简体   繁体   English

性能缓存事件是什么意思?

[英]What are perf cache events meaning?

I am trying to figure out why a modified C program is running faster than its non modified counter part (I am adding very few lines of code to perform some additional work).我试图弄清楚为什么修改后的 C 程序运行得比其未修改的对应部分更快(我添加了很少的代码行来执行一些额外的工作)。 In this context, I suspect " cache effects " to be the main explanation (instruction cache).在这种情况下,我怀疑“缓存效果”是主要的解释(指令缓存)。 Thus I reach the perf (https://perf.wiki.kernel.org/index.php/Main_Page) profiling tool but unfortunately I am not able to understand the meaning of its outputs regarding cache misses.因此,我使用了perf (https://perf.wiki.kernel.org/index.php/Main_Page) 分析工具,但不幸的是,我无法理解其关于缓存未命中的输出的含义。

Several events about cache are provided:提供了几个关于缓存的事件:

  cache-references                                   [Hardware event]
  cache-misses                                       [Hardware event]
  L1-dcache-loads                                    [Hardware cache event]
  L1-dcache-load-misses                              [Hardware cache event]
  L1-dcache-stores                                   [Hardware cache event]
  L1-dcache-store-misses                             [Hardware cache event]
  L1-dcache-prefetches                               [Hardware cache event]
  L1-dcache-prefetch-misses                          [Hardware cache event]
  L1-icache-loads                                    [Hardware cache event]
  L1-icache-load-misses                              [Hardware cache event]
  L1-icache-prefetches                               [Hardware cache event]
  L1-icache-prefetch-misses                          [Hardware cache event]
  LLC-loads                                          [Hardware cache event]
  LLC-load-misses                                    [Hardware cache event]
  LLC-stores                                         [Hardware cache event]
  LLC-store-misses                                   [Hardware cache event]
  LLC-prefetches                                     [Hardware cache event]
  LLC-prefetch-misses                                [Hardware cache event]
  dTLB-loads                                         [Hardware cache event]
  dTLB-load-misses                                   [Hardware cache event]
  dTLB-stores                                        [Hardware cache event]
  dTLB-store-misses                                  [Hardware cache event]
  dTLB-prefetches                                    [Hardware cache event]
  dTLB-prefetch-misses                               [Hardware cache event]
  iTLB-loads                                         [Hardware cache event]
  iTLB-load-misses                                   [Hardware cache event]
  branch-loads                                       [Hardware cache event]
  branch-load-misses                                 [Hardware cache event]
  node-loads                                         [Hardware cache event]
  node-load-misses                                   [Hardware cache event]
  node-stores                                        [Hardware cache event]
  node-store-misses                                  [Hardware cache event]
  node-prefetches                                    [Hardware cache event]
  node-prefetch-misses                               [Hardware cache event]

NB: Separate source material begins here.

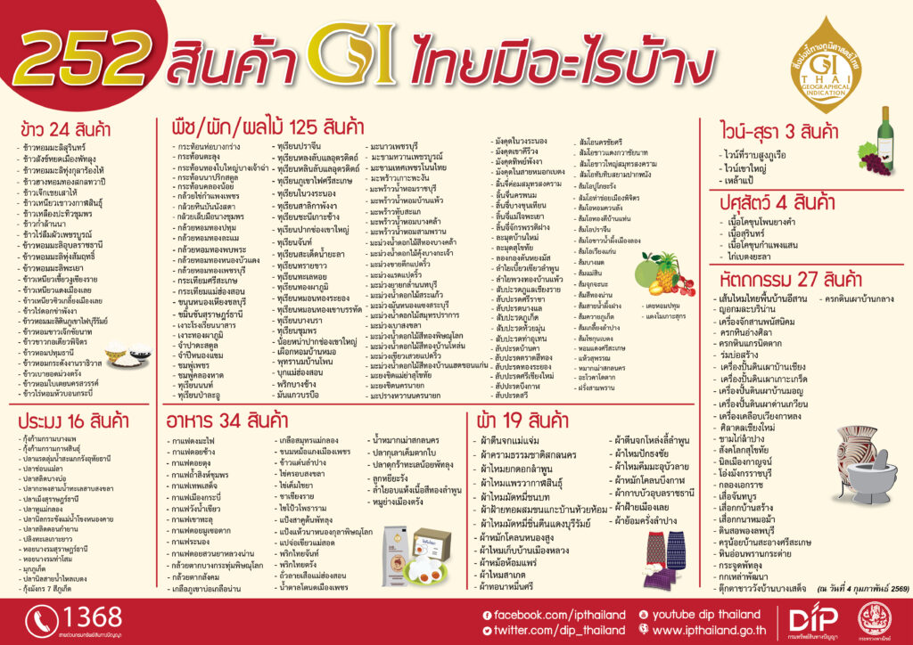 ข้อมูลอัปเดต ณ วันที่ 4 กุมภาพันธ์ 2569 จากกรมทรัพย์สินทางปัญญา กระทรวงพาณิชย์ ระบุว่าประเทศไทยมีสินค้า GI 77 จังหวัด ที่ขึ้นทะเบียนแล้วจำนวนทั้งหมด 252 รายการ

Where can I find explanation about these fields ?我在哪里可以找到关于这些字段的解释? cache-misses event is always smaller than other events. cache-misses 事件总是比其他事件小。 What does this event measure ?这个事件衡量什么?

How to interpret the 26,760 L1-icache-load-misses for ls vs the 5,708 cache-misses in the following example ?在以下示例中,如何解释 ls 的 26,760 个 L1-icache-load-misses 与 5,708 个缓存未命中?

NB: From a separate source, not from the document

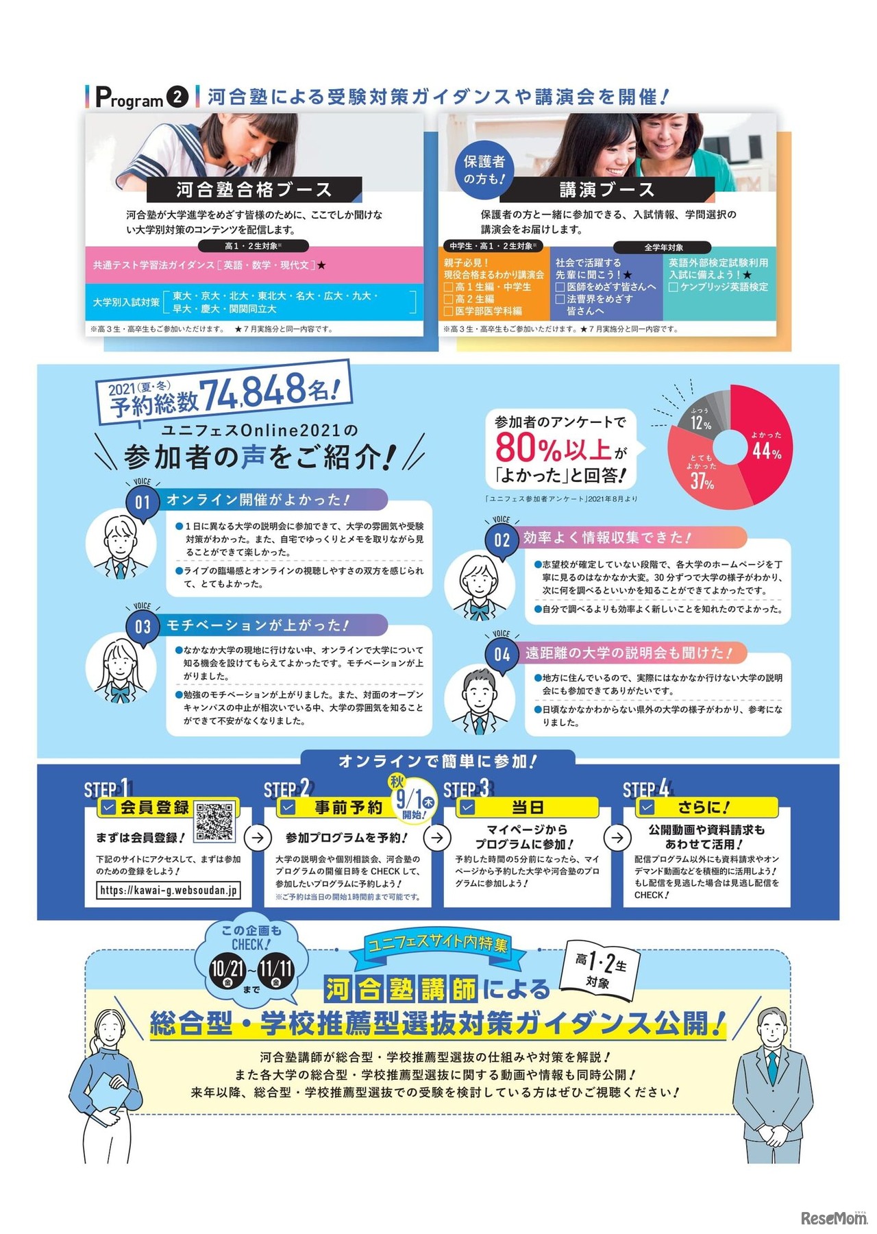 河合塾は2022年11月12・13日、大学合同説明会「ユニフェスOnline秋」をオンラインで開催する。国公立・私立120大学が参加する。参加費無料。事前予約制。

perf stat -e L1-icache-load-misses ls
caches  caches~  out

 Performance counter stats for 'ls':

            26,760 L1-icache-load-misses                                       

       0.002816690 seconds time elapsed



perf stat -e cache-misses ls
caches  caches~  out

 Performance counter stats for 'ls':

             5,708 cache-misses                                                

       0.002822122 seconds time elapsed

Some answers:一些答案:

  • L1 is the Level-1 cache, the smallest and fastest one. L1是一级缓存,最小最快。 LLC on the other hand refers to the last level of the cache hierarchy , thus denoting the largest but slowest cache.另一方面, LLC指的是缓存层次结构的最后一级,因此表示最大但最慢的缓存。
  • i vs. d distinguishes instruction cache from data cache. id将指令缓存与数据缓存区分开来。 Only L1 is split in this way, other caches are shared between data and instructions.这样只拆分L1,其他缓存在数据和指令之间共享。
  • TLB refers to the translation lookaside buffer , a cache used when mapping virtual addresses to physical ones. TLB指的是转换后备缓冲区,这是将虚拟地址映射到物理地址时使用的缓存。
  • Different TLB counters depending on whether the named address referred to an instruction or some data.不同的 TLB 计数器取决于命名地址是指指令还是某些数据。
  • For all data access, different counters are kept depending on whether the given memory location was read, written, or prefetched (ie retrieved for reading at some later time).对于所有数据访问,根据给定的内存位置是被读取、写入还是预取(即在稍后的某个时间检索读取)而保留不同的计数器。
  • The number of misses indicates how often a given item of data was accessed but not present in the cache.未命中的数量表示给定的数据项多久被访问,但在高速缓存中存在。

You seem to think that the cache-misses event is the sum of all other kind of cache misses ( L1-dcache-load-misses , and so on).您似乎认为cache-misses事件是所有其他类型的缓存未命中( L1-dcache-load-misses等)的总和。 That is actually not true.这实际上不是真的。

the cache-misses event represents the number of memory access that could not be served by any of the cache. cache-misses事件表示任何缓存都无法提供的内存访问次数。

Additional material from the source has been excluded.